Гюргию было уже около семидесяти лет, но годы не отразились на этом высоком человеке, не согнули его широких плеч, может, не очень посеребрили сединой и светло-русую бороду, хотя этого в темноте Дулеб и не мог разглядеть. Удивило его вельми то, что тысяцкий держался с сугубо княжеским достоинством. Он не поклонился ни сыновьям Юрия, ни самому великому князю, не замечалось заискиваний в его движениях, наоборот, все в нем было наполнено торжественностью, степенностью и чувством собственного достоинства. Он стоял в воротах, положив руку на круглую рукоять меча, спросил как-то по-отечески:
- Как съездил, княже?
На что Юрий без обиды, спокойно, казалось даже, вроде послушно ответил:
- Съездилось, может, и неплохо, да только не доехал, куда хотел.
- В другой раз доедешь, - успокоил его тысяцкий, и трудно было понять, в шутку ли он говорит это или всерьез, и только после этого поздравил по-настоящему: - С возращением тебя и твоих сыновей, княже, ибо возвращение - это всегда счастье и праздник для тебя и для нас.
- Ужин для всех, - коротко велел Юрий, въезжая во двор. - С нами гость из Киева, отец.
- Знаю, - сказал тысяцкий. - Гонец был, сказал.

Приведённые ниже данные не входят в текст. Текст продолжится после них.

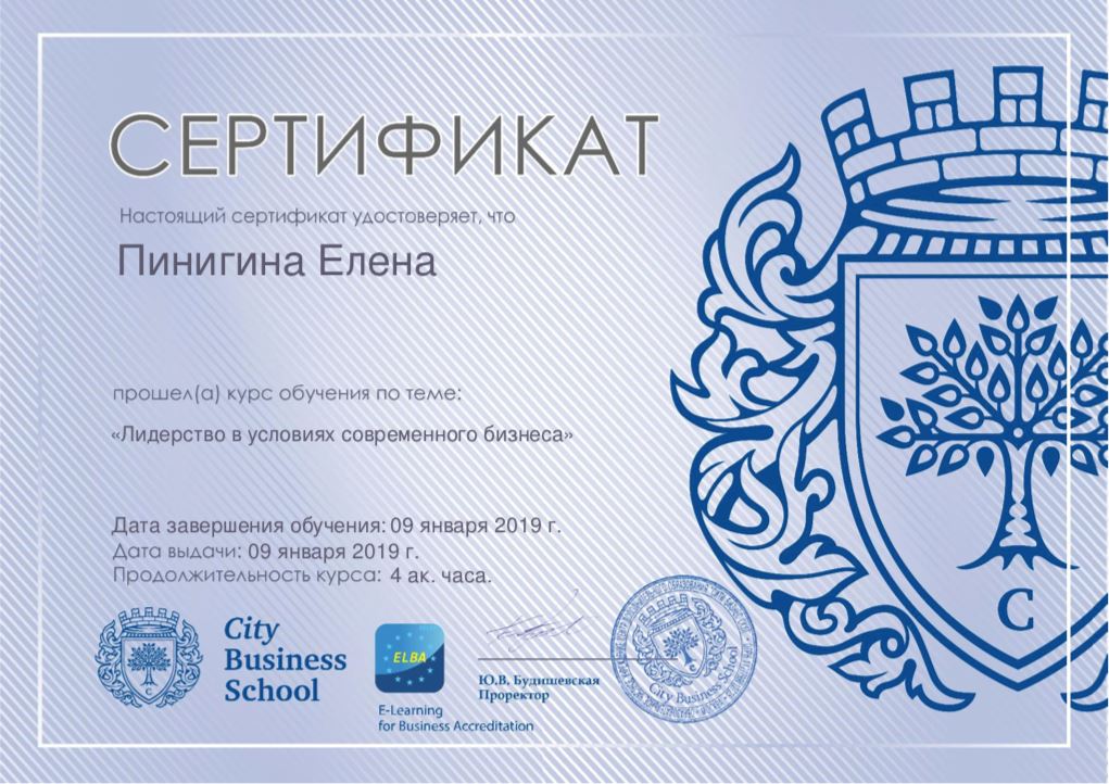 Сертификат удостоверяет, что Пинигина Елена прошла курс обучения по теме "Построение личного бренда руководителя"
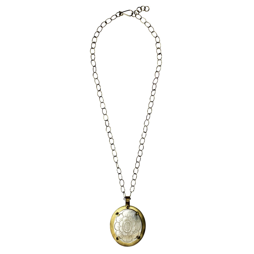 Zahara Pendant featuring a Mother of Pearl sunburst design, set in brass. The radiant, sunburst pattern adds a striking, luminous touch, creating a bold yet elegant statement piece for any jewelry collection. 2" pendant 18" adjustable chain.Dimensions: 0 x 0 x 0

Веление твое, княже, исполнил. Из Владимира доставил того человека.
- Сам приедет, - вмешался князь Андрей, который уже проехал было мимо тысяцкого, а теперь придержал коня. - Не пустят ваших людей во Владимир, послал своего человека. Сильвестру сказано быть здесь, и он будет без никого. К моим людям не дозволю применять насильство.
- Воля великого князя, - напомнил тысяцкий.
- Знаю, и князь Юрий знает.
- Из почтения к велениям великого князя следовало бы того человека стеречь как надлежит, - тысяцкий шел за князем.
- Великому князю суждены одни лишь неудобства от его высокого положения, о почтении помолчим, - заговорил князь Юрий. - Давай ужинать, отец, и не будем портить себе ночь этим беглым монашком, потому что лекарь и так уже испортил мне несколько дней. И еще, видно, испортит немало дней. Верно, лекарь?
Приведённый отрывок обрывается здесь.